What the task requires:
Please reproduce all the data exactly as written and omit the pictures.

___

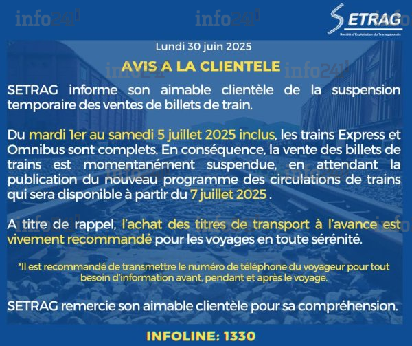 La Société d’exploitation du Transgabonais (SETRAG) a annoncé, dans un communiqué parvenu ce lundi à la rédaction d’Info241, la suspension temporaire des ventes de billets de train du mardi 1er au samedi 5 juillet 2025 inclus. La mesure concerne les trains Express et Omnibus, dont toutes les places sont désormais complètes sur cette période.
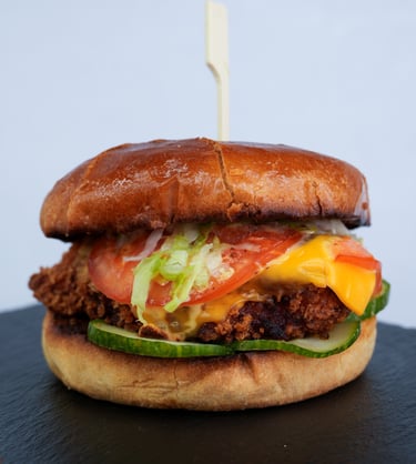 Viande hachée, cheddar, tomates, oignons caramélisés, cornichons, salade, sauce miel-moutarde
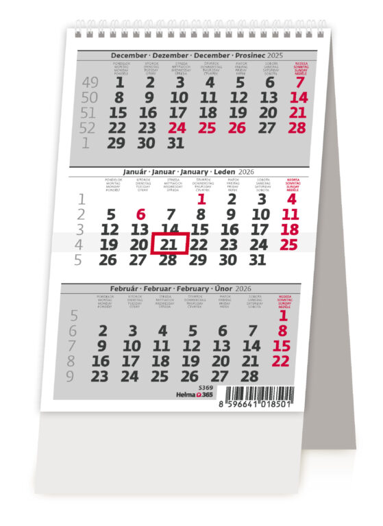 Formát kalendára: 11 x 16 cm Kalendárium: české/slovenské 3-mesačné kalendárium Počet strán kalendára: 12 (obojstranné) Stojanček: so zámkom Priestor na potlač: 11 x 3,5 cm
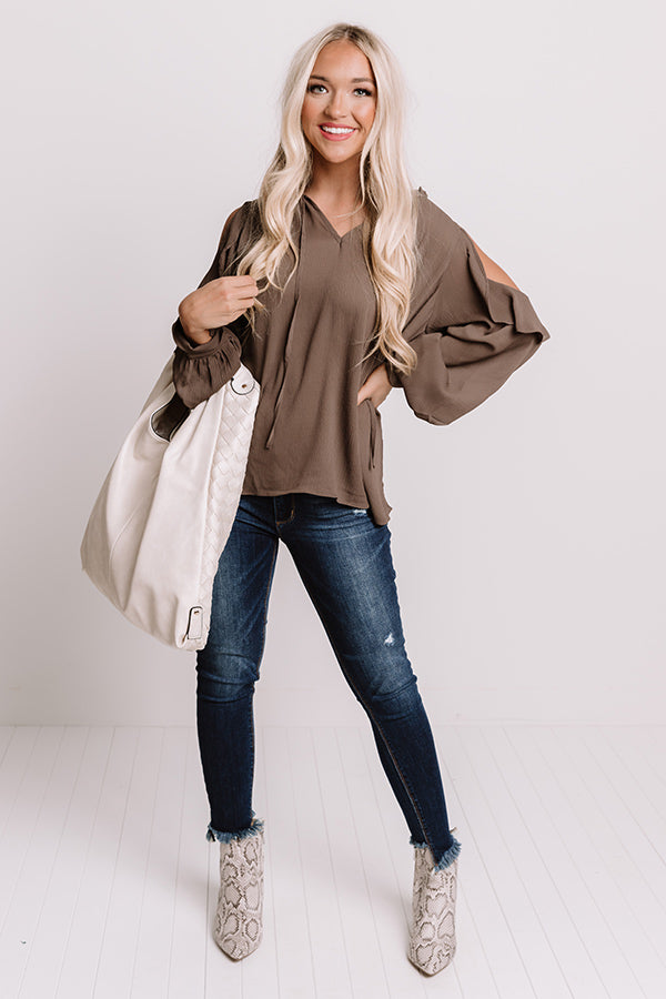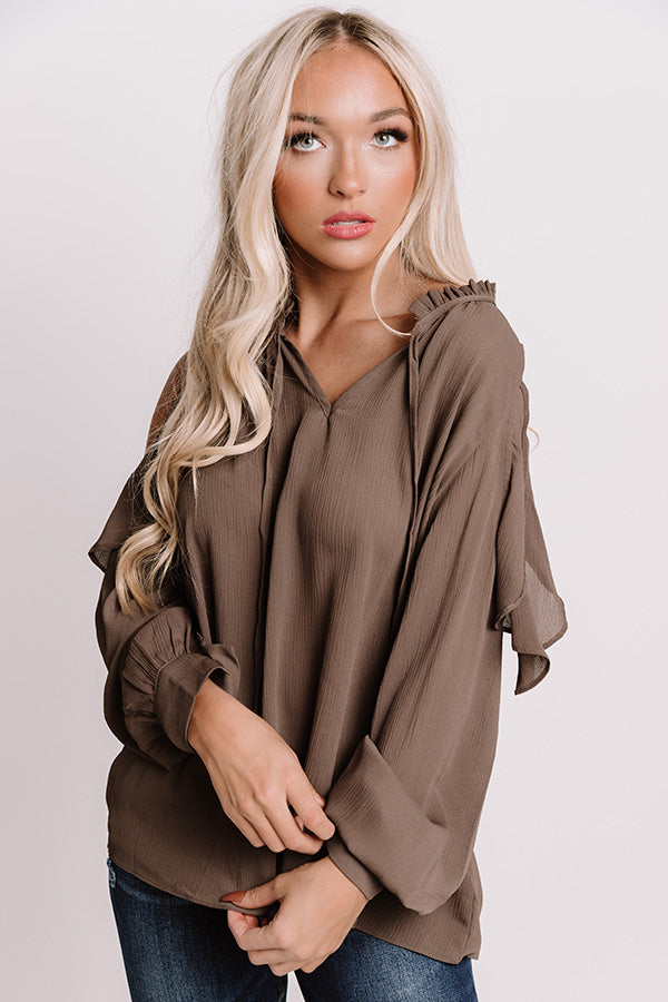 Look office chic or effortless everyday in our sophisticated espresso colored "Pier And There Shift Top" featuring lightweight breezy material, a v-cut neckline with a tie closure, long loose sleeves with fitted cuffs and cold shoulder cutouts, ruffled trim detailing, and a relaxed silhouette that falls into a straight hemline! Measurements
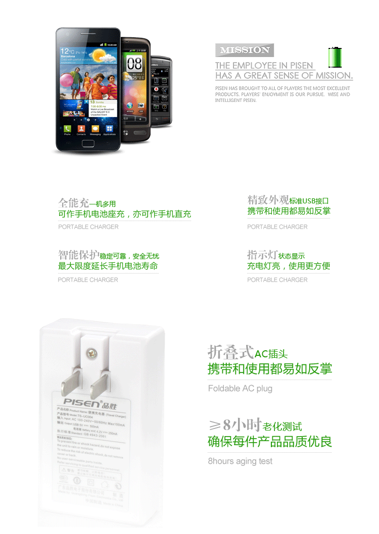 品胜智能手机充电器(商务之星)
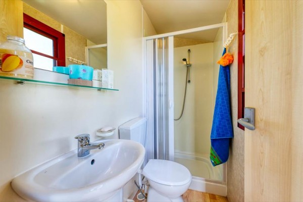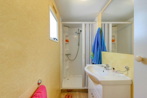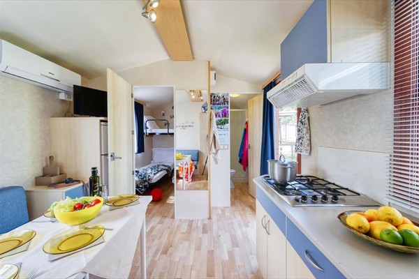 Typ chaty/Tahiti: 24 m2, dvoulůžkový pokoj, 1 pokoj s oddělenými postelemi (pokud je obsazen 4 osobami) nebo s 3. palandou (pokud je obsazeno 5 osobami), obývací pokoj s kuchyňským koutem, 1 koupelna (v Tahiti sprcha/umyvadlo oddělené od toalety). Dětská postýlka | Klimatizace | Kuchyňský kout | Lednice | Satelitní TV | Sprcha
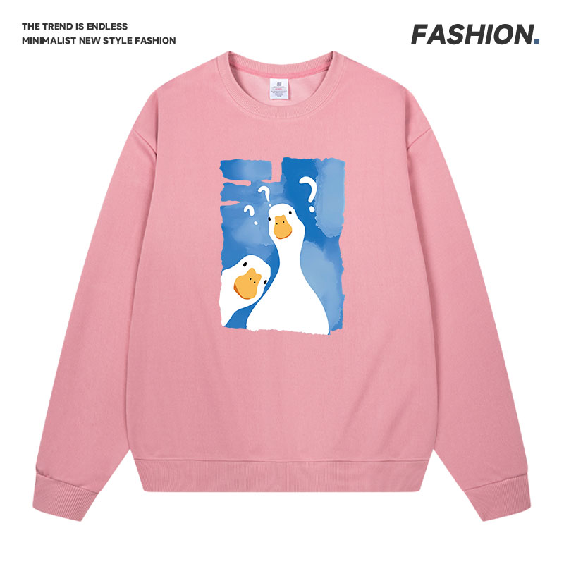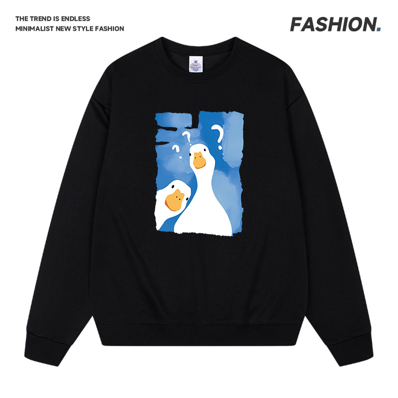 秋冬款运动休闲印花卫衣男女保暖连帽宽松型户外套头上衣

___

Expected output:
 La Société d’exploitation du Transgabonais (SETRAG) a annoncé, dans un communiqué parvenu ce lundi à la rédaction d’Info241, la suspension temporaire des ventes de billets de train du mardi 1er au samedi 5 juillet 2025 inclus. La mesure concerne les trains Express et Omnibus, dont toutes les places sont désormais complètes sur cette période.
 Viande hachée, cheddar, tomates, oignons caramélisés, cornichons, salade, sauce miel-moutarde
 Formát kalendára: 11 x 16 cm Kalendárium: české/slovenské 3-mesačné kalendárium Počet strán kalendára: 12 (obojstranné) Stojanček: so zámkom Priestor na potlač: 11 x 3,5 cm
 Look office chic or effortless everyday in our sophisticated espresso colored "Pier And There Shift Top" featuring lightweight breezy material, a v-cut neckline with a tie closure, long loose sleeves with fitted cuffs and cold shoulder cutouts, ruffled trim detailing, and a relaxed silhouette that falls into a straight hemline! Measurements
 品胜智能手机充电器(商务之星)
 Typ chaty/Tahiti: 24 m2, dvoulůžkový pokoj, 1 pokoj s oddělenými postelemi (pokud je obsazen 4 osobami) nebo s 3. palandou (pokud je obsazeno 5 osobami), obývací pokoj s kuchyňským koutem, 1 koupelna (v Tahiti sprcha/umyvadlo oddělené od toalety). Dětská postýlka | Klimatizace | Kuchyňský kout | Lednice | Satelitní TV | Sprcha
 秋冬款运动休闲印花卫衣男女保暖连帽宽松型户外套头上衣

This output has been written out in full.